Priority is claimed to German Patent Application No. DE 10 2013 000 514.0, filed on Jan. 15, 2013, the entire disclosure of which is hereby incorporated by reference herein.

FIELD

The invention relates to a sealing arrangement, comprising a double seal for sealing two chambers which are to be sealed off from one another and are each filled with a medium to be sealed, the double seal comprising two sealing rings which are arranged at the end face on both sides of the double seal, each sealing ring having at least one dynamically stressed sealing lip, the sealing lips, arranged closest axially next to one another, of the first sealing ring and of the second sealing ring being arranged with an axial distance from one another and the sealing lips contacting in a sealing manner a surface, to be sealed, of a first machine element which can be moved backwards and forwards in a translatory manner with a stroke.

BACKGROUND

A sealing arrangement is known from EP 2 067 996 A1. This previously known sealing arrangement is used in a reciprocating fuel pump. In the axial direction, the double seal is very short, the stroke of the piston rod to be sealed being greater than the axial distance between the sealing lips of the first and second sealing rings.

In the dynamic sealing of the piston rod by the sealing lips, a small amount of the medium to be sealed is always carried through under the respective sealing lip. This small amount of medium to be sealed is required for the lubrication of the sealing lips on the piston rod to prevent undesirable extensive wear of the sealing lips and to ensure use characteristics which remain consistently good as far as possible during a long service life.

Due to the only very small axial distance between the sealing lips and the relatively great stroke of the piston rod, the media, to be sealed off from one another, are undesirably mixed together in the chambers to be respectively sealed when the sealing arrangement is used as intended. This undesirable intermixing of the media to be sealed is due to the fact that the surface, to be sealed, of the piston rod entrains the media which are to be sealed and are used in each case for lubricating the respective sealing lip, past the respective other sealing lip into the respective other chamber to be sealed due to the relatively great stroke, compared to the axial distance. This is very disadvantageous in particular for a sealing arrangement in a fuel pump and when the media to be sealed off from one another are engine oil and fuel. For example, if fuel is entrained into the engine oil, it dilutes the engine oil. This can lead to oil film breaks in the engine bearings, to a relatively high friction as a result thereof and to engine failure. Conversely, the entrainment of engine oil into the fuel can damage the injection system. Carbonisation can occur at the injection nozzles, as a result of which the efficiency of the injection system is reduced. This can also entail the malfunction of one or more injection nozzles.

SUMMARY

In an embodiment, the present invention provides a sealing arrangement including a double seal for sealing two chambers which are to be sealed off from one another and are each filled with a medium to be sealed.
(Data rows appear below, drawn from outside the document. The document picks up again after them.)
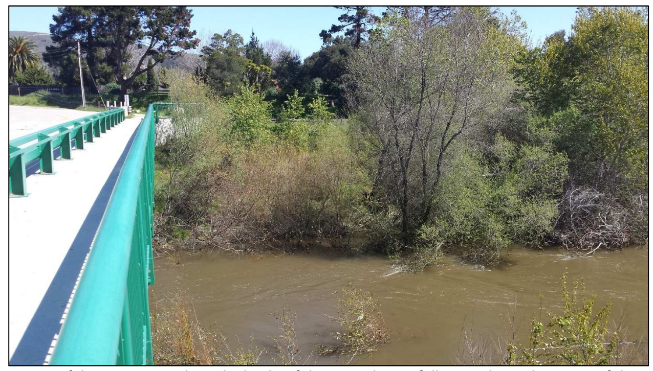
Successful revegetation along the banks of the Carmel River following the replacement of the Schulte Road Bridge.

The project replaced a 54-yeard old, one lane bridge on Schulte Road over the Carmel River. The old bridge did not meet Caltrans seismic, structural, and geometric standards nor meet current American Association of Safety and Highway Transportation Officials (AASHTO) geometric standards for rural roadways. The project was built over two construction seasons given the limited construction-time window dictated by the regulatory agencies to protect the sensitive habitant and wildlife in the area. The project was primarily funded by FHWA HBP (88.53%) and Measure X provided local matching funds and the funds to complete the revegetation monitoring and reporting to the regulatory agencies.
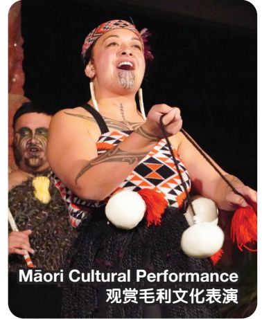
Māori Cultural Performance 观赏毛利文化表演
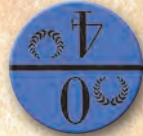
Pompey wild Influence token

Influence tokens with the “laurel” icons are considered wild, and can therefore be placed on any Border Space on the game board.
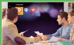
Business Apps at Your Fingertips for More Productivity
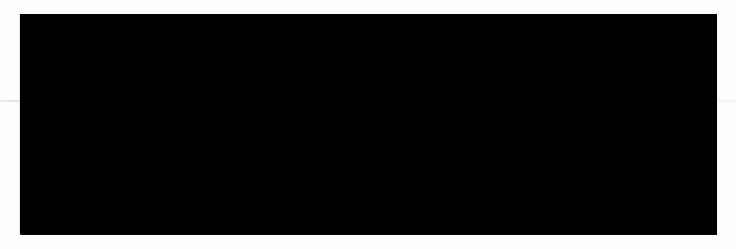
(Continue on page 6 if necessary)
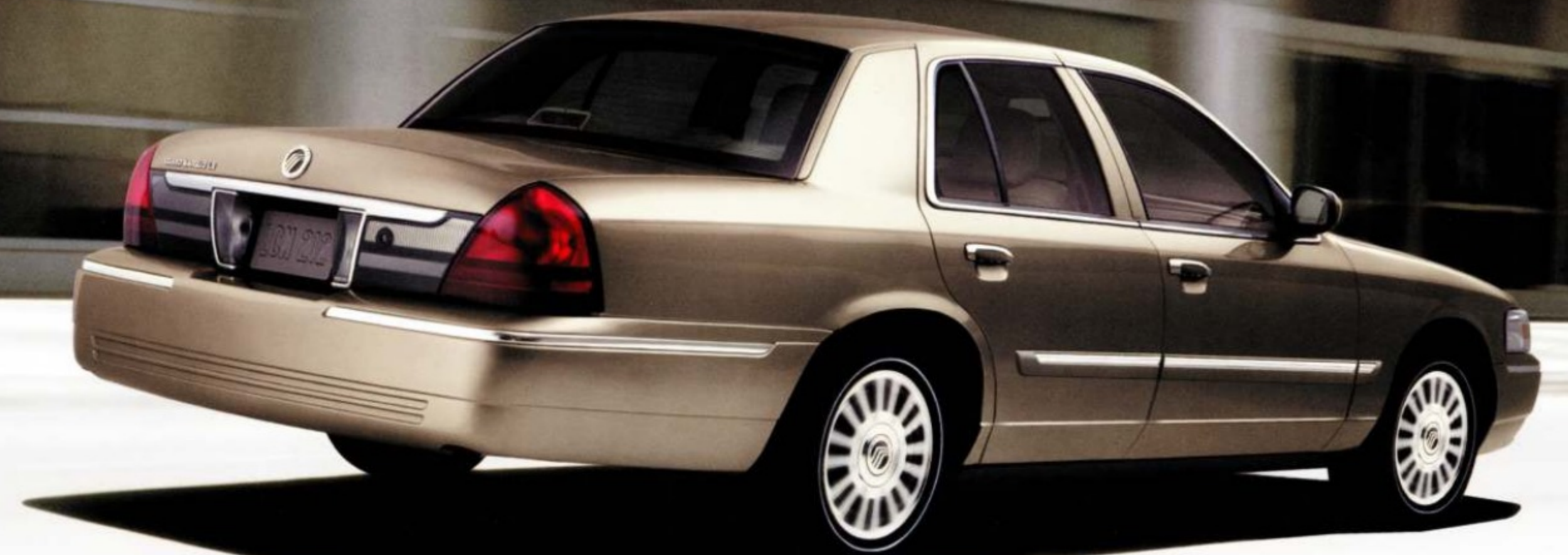
ARIZONA BEIGE METALLIC: GRAND MARQUIS LS PREMIUM
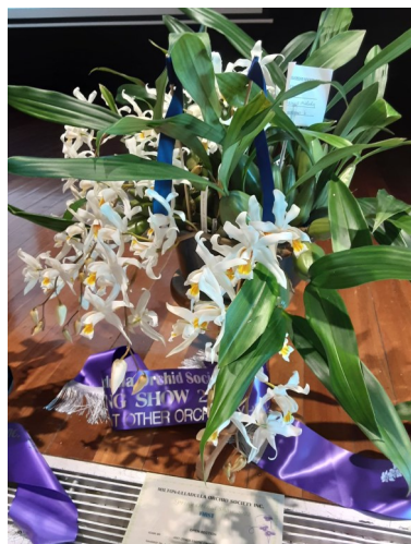
Coelogyne Unchained Melody
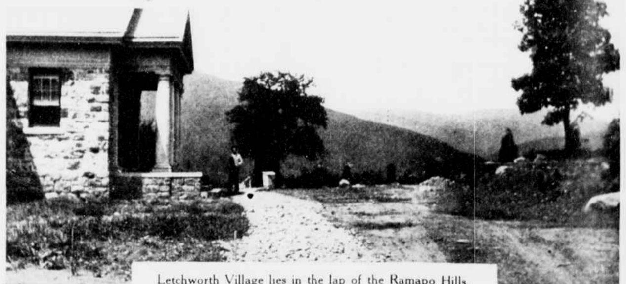
Letchworth Village lies in the lap of the Ramapo Hills.
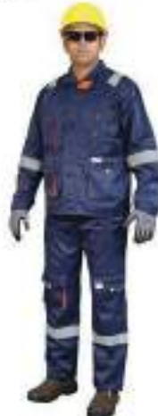
STYLE NO: NDO BRAND: VAULTEX 100% TWILL REFLECTIVE PANT & SHIRT 190 GSM (EUROPEAN STYLE) SIZE: S-5XL ORIGIN: CHINA
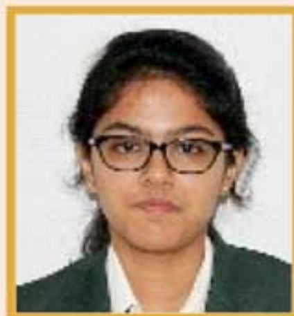
Anushka Reddi Fine Arts
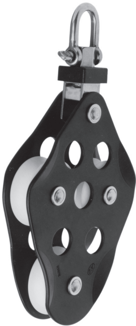
Fiddle with swivel
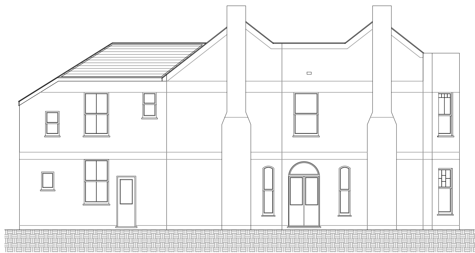
5 Proposed Side Elevation
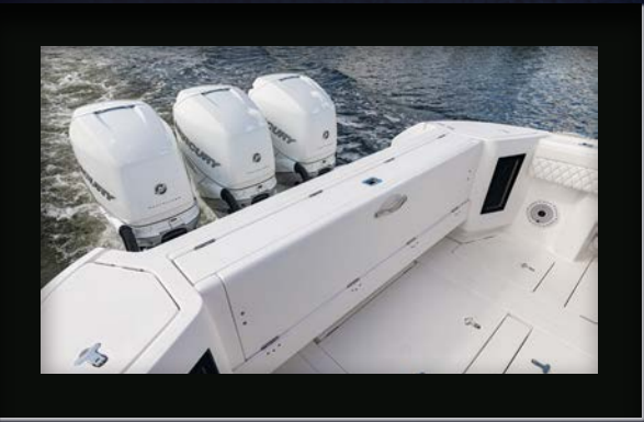
► Power up with your choice of best-in-class engine packages
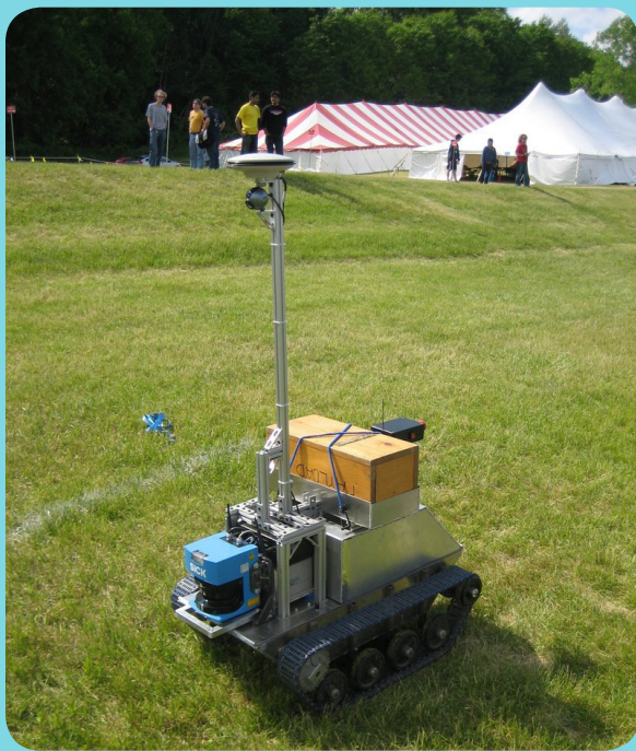
Figure 1: PSU Robotics IGVC Entry
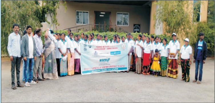
Rural Development & Self Employment Training at LRS, Siddarampuram

Livestock Research Station, Siddarampuram conducted training on different fodder varieties, complete feed preparation, sheep-goat farm management and vermicompost making to 50 participants from Rural Development & Self Employment Training Institute, Anantapuramu.
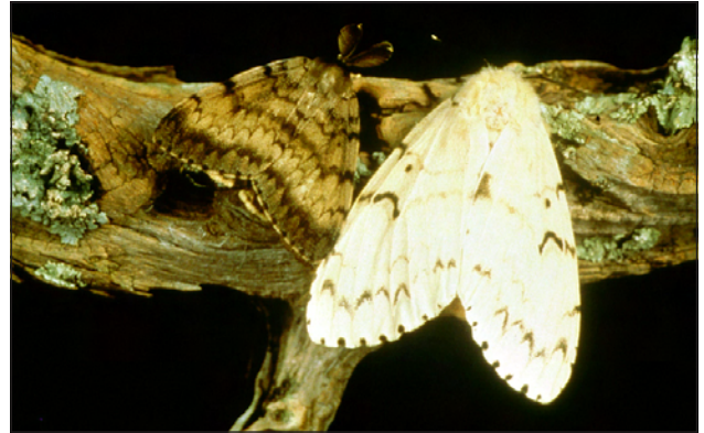
Figure 9 —The adult female gypsy moth is about twice the size of the male and white in color.

Neither sex feeds in the moth stage; adults mate and lay eggs only. The eggs are the dormant stage of the life cycle, allowing the pest to survive winter weather. In the spring the eggs hatch, starting the life cycle over again.
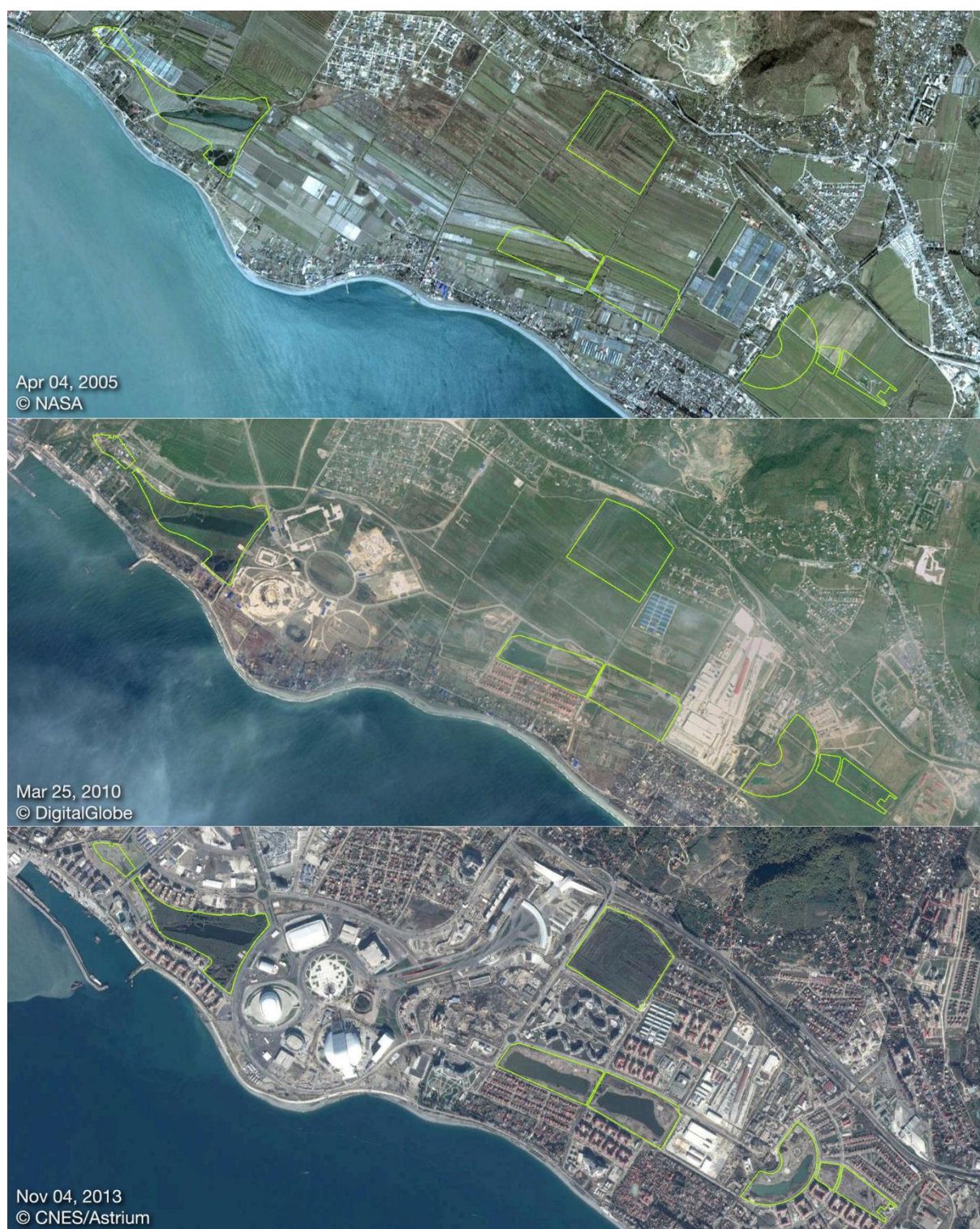
Fig. 3. Satellite images of Imeretinskaya Lowland in 2005, 2010 and 2013 (green line shows border areas of the Ornithological Park)

Despite this, though the species diversity of birds of the Natural Ornithological Park in the Imeretinskaya Lowland has become less than in the pre-Olympic period (2000 to 2009), it is still comparable in terms of species number. Census results of 2013 to 2016 indicate that the Imeretinskaya Lowland remains attractive to birds. Avifauna of the Ornithological Park is diverse and consistent with its specially protected natural area status.
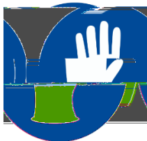
Thermally Protective Gloves
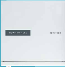
DISPLAY RECEIVERS X4
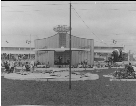
Speakers' platform at the 1969 Convention

The next international convention took place in Sydney, 1973. It attracted 34,000, and was noteworthy for a bomb hoax which stopped proceedings for several hours.
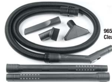
96558 Cleaning Kit
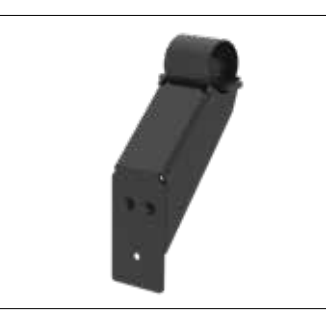
Handrail - Fitting With rivet, 1 KIT
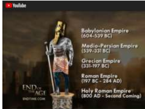
End times Holy Roman Empire Reborn part7
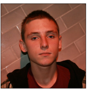
In a lot of ways high school is easy compared to middle school.
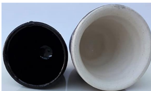
the small sized early matt thimbles had a brown inner glaze (1980-1984) – after that, the glaze is white

The apex on most of the thimbles is smooth i.e., no indentations. Exceptions seem to occur regularly – see 2013 and 2020.
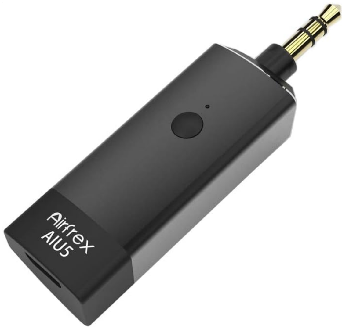
Figure 3: Front view of the Airfrex AIUS, highlighting the multi-function button and 3.5mm audio jack.
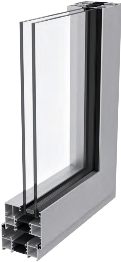
Option STANDARD DESIGN
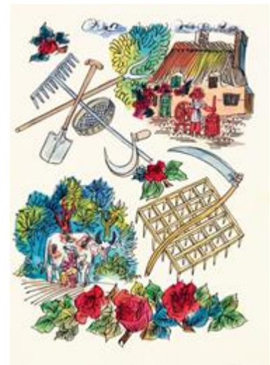
Homestead (1939) Hand-painted paper design

demand for scenic designs throughout the 19 th and 20 th centuries, and respond to a current interest in scenes and architectural structures.
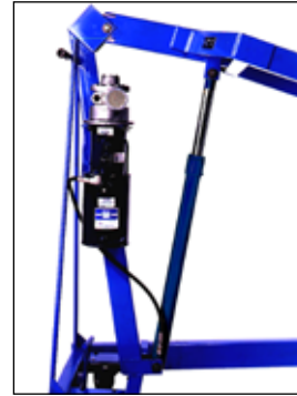
Air Motor Power Lift Option #124

Use switch to raise the drum. Lower the drum with manual release valve.
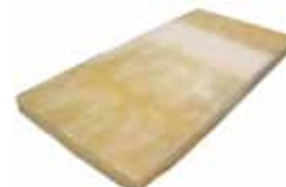
T765- Honey Onyx (Honed)
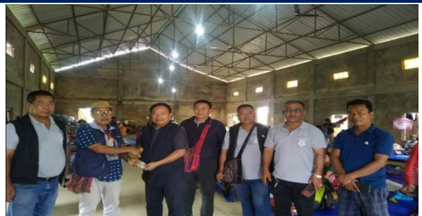
CYMA visiting relief camps
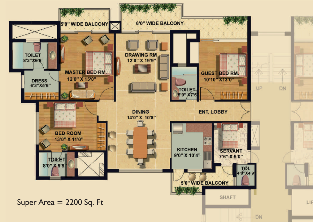
Super Area = 2200 Sq. Ft

The double seal includes a first sealing ring disposed at an end face on a first side of the double seal and a second sealing ring disposed at an end face on a second side of the double seal. Each of the sealing rings has at least one dynamically stressed sealing lip contacting a surface to be sealed of a first machine element in a sealing manner. The sealing lips are arranged such that there is an axial distance between the sealing lips of the first and second sealing rings that are axially closest to one another. The first machine element is movable backwards and forwards in a translatory manner with a stroke, wherein the axial distance is greater than the stroke of the first machine element.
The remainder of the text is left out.